1. A computer would be world champion in chess.
2. A computer would discover and prove an important new mathematical theorem.
3. Most theories in psychology will take the form of computer programs.
The press dutifully reported these predictions of the imminent arrival of machine intelligence.

Dreyfus felt that this optimism was unwarranted and, in 1965, argued forcefully that predictions like these would not come true. He would eventually be proven right.
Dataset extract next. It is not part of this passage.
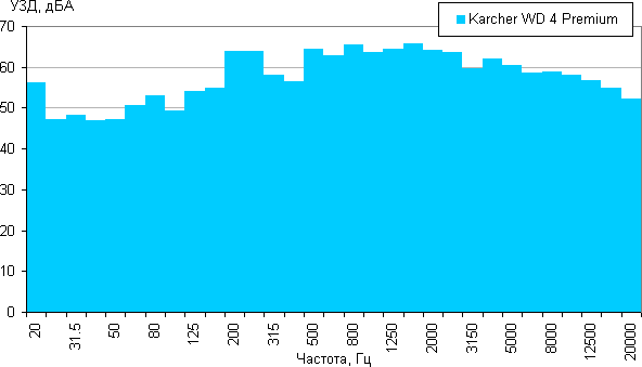 Уровень звукового давления достигает 74,6 дБА. Следует отметить, что в случае «обычного» пылесоса, который не является новым и не бесшумным (заявленная электрическая мощность 1800 Вт), при тех же условиях мы получили 76 дБА при максимальной мощности. Можно предположить, что в классе уличных пылесосов тестируемый человек средний по шумности. Мы также даем уровень звукового давления (SPL) в диапазоне 20-20000 Гц в 1/3 октавных полосах.
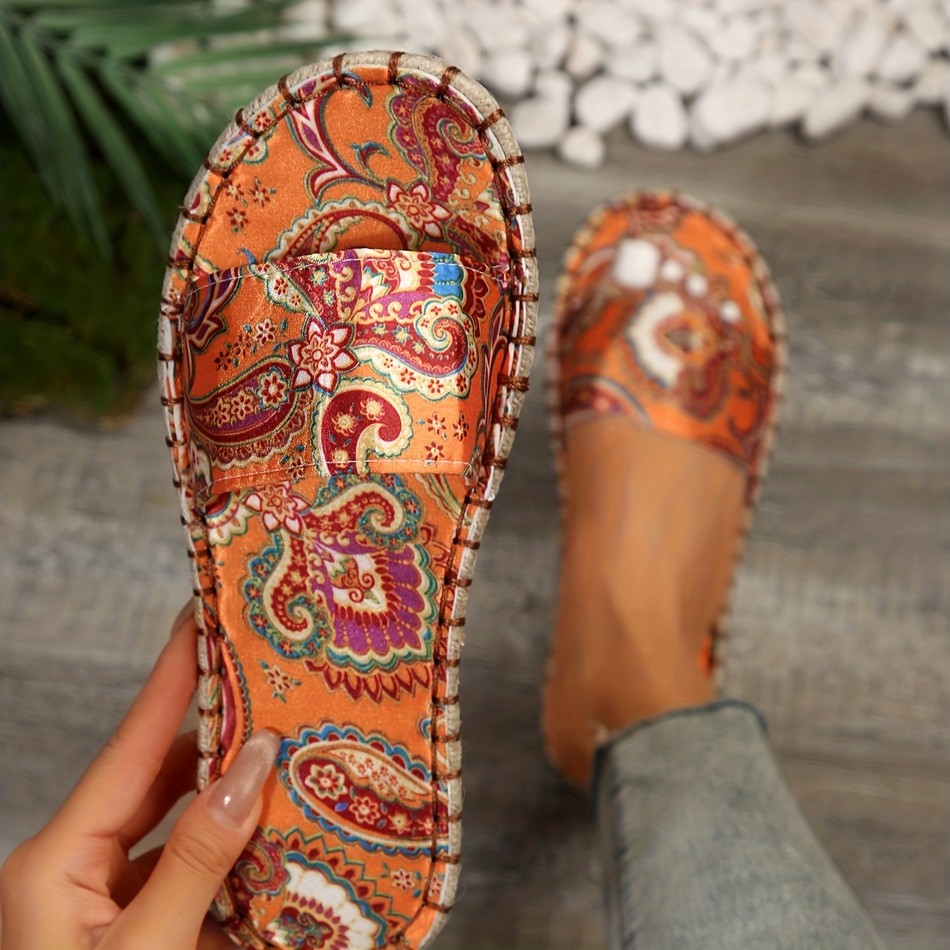 Women’s Trendy Ethnic Pattern Slippers, Casual Open Toe Non Slip Linen Slide Sandals, Comfortable Beach Shoes

Pamela McCorduck explains Dreyfus' position:
A great misunderstanding accounts for public confusion about thinking machines, a misunderstanding perpetrated by the unrealistic claims researchers in AI have been making, claims that thinking machines are already here, or at any rate, just around the corner.

These predictions were based on the success of the cognitive revolution, which promoted an "information processing" model of the mind. It was articulated by Newell and Simon in their physical symbol systems hypothesis, and later expanded into a philosophical position known as computationalism by philosophers such as Jerry Fodor and Hilary Putnam. In AI, the approach is now called symbolic AI or "GOFAI".

Dreyfus argued that "symbolic AI" was the latest version of the ancient program of rationalism in philosophy. Rationalism had come under heavy criticism in the 20th century from philosophers like Martin Heidegger and Edmund Husserl. The mind, according to modern continental philosophy, is not "rationalist" and is nothing like a digital computer.

Cognitivism led early AI researchers to believe that they had successfully simulated the essential process of human thought, thus it seemed a short step to producing fully intelligent machines. Dreyfus' last paper detailed the ongoing history of the "first step fallacy", where AI researchers tend to wildly extrapolate initial success as promising, perhaps even guaranteeing, wild future successes.

=== Dreyfus' four assumptions of artificial intelligence research ===

In Alchemy and AI and What Computers Can't Do, Dreyfus identified four philosophical assumptions, at least one of which he deems necessary for AI to succeed. "In each case," Dreyfus writes, "the assumption is taken by workers in AI as an axiom, guaranteeing results, whereas it is, in fact, one hypothesis among others, to be tested by the success of such work."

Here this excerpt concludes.